2. Le corps comme point d’ancrage
Le corps devient alors un point d’appui concret, parce qu’il est toujours là, présent, réel, et qu’il porte tout ce qui a été vécu, parfois bien au-delà de ce que l’on est capable de formuler avec des mots.
Quand l’image de soi est floue, dure ou déformée, le mental a tendance à tourner en boucle, à analyser, à juger, à comparer, et cela empêche souvent d’accéder à un ressenti plus juste.
Revenir au corps permet de sortir de ce fonctionnement, parce que le corps ne triche pas, il montre ce qui est, dans sa réalité, avec ses tensions, ses zones de repli, mais aussi ses zones de force.
Le fait de le regarder, de l’habiter, de le laisser s’exprimer dans une posture ou un mouvement, permet de reconnecter avec quelque chose de tangible, de concret, qui ne dépend pas d’un idéal ou d’une projection.
On ne travaille pas sur une image fantasmée, on part de ce qui est réellement là.

3. La mise en valeur photographique : révéler sans transformer
La mise en valeur fait partie intégrante du processus, mais elle n’a pas pour objectif de transformer la personne ou de la faire correspondre à des standards, elle sert à accompagner un regard plus juste et plus apaisé.
La lumière, les angles, les cadrages, les postures sont utilisés pour révéler, pour mettre en évidence, pour permettre à la personne de se voir différemment, sans trahir ce qu’elle est.
Il ne s’agit pas d’effacer, de lisser ou de corriger, mais de montrer avec précision, avec respect, avec intention.
La photographie devient alors un outil au service de la personne, elle soutient une autre manière de se regarder, plus consciente, plus incarnée, moins dure.
Ce que la personne découvre à travers l’image n’est pas une version transformée d’elle-même, mais une version qu’elle n’avait peut-être jamais réellement regardée.
4. L’image comme ancrage
L’image vient ensuite fixer ce moment, elle laisse une trace concrète de ce qui a été vécu pendant la séance, et cette trace devient un point d’appui dans le temps.

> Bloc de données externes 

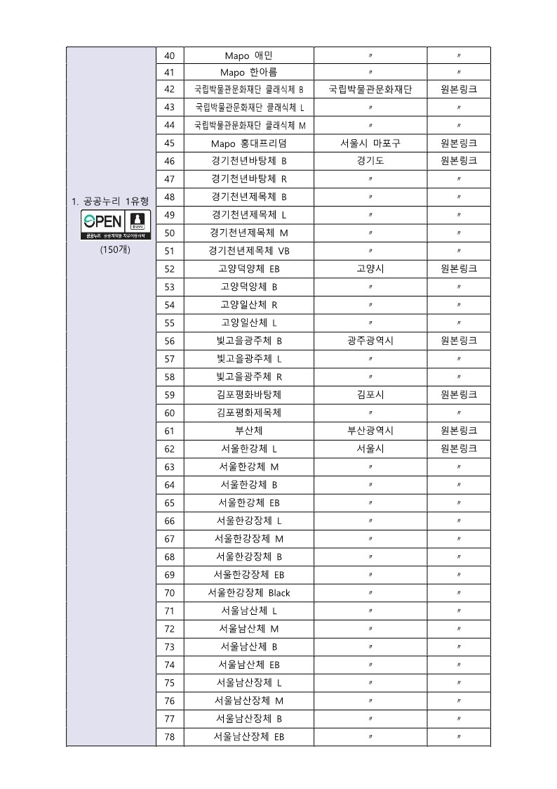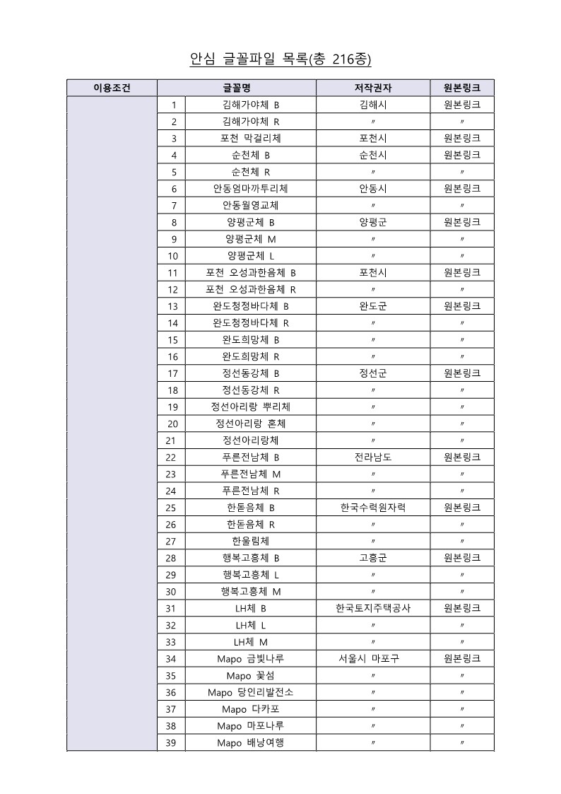 공공누리 안심글꼴파일서비스 제공폰트 목록

Ce n’est pas une photo que l’on regarde pour savoir si elle est “réussie”, c’est une image qui rappelle un passage, un moment où quelque chose a bougé, où un autre regard sur soi a été possible.
Elle agit comme un repère, un point de retour, une preuve tangible que cette rencontre avec soi a existé.
Et c’est là que le processus prend toute sa force, parce que ce qui a été vécu ne reste pas abstrait, il est inscrit, visible, accessible.
Le nu, dans cette approche, ne consiste pas à montrer son corps aux autres, il permet de se voir soi-même avec plus de clarté, plus de présence, et souvent, avec plus de respect.
Ce n’est pas une exposition, c’est une rencontre.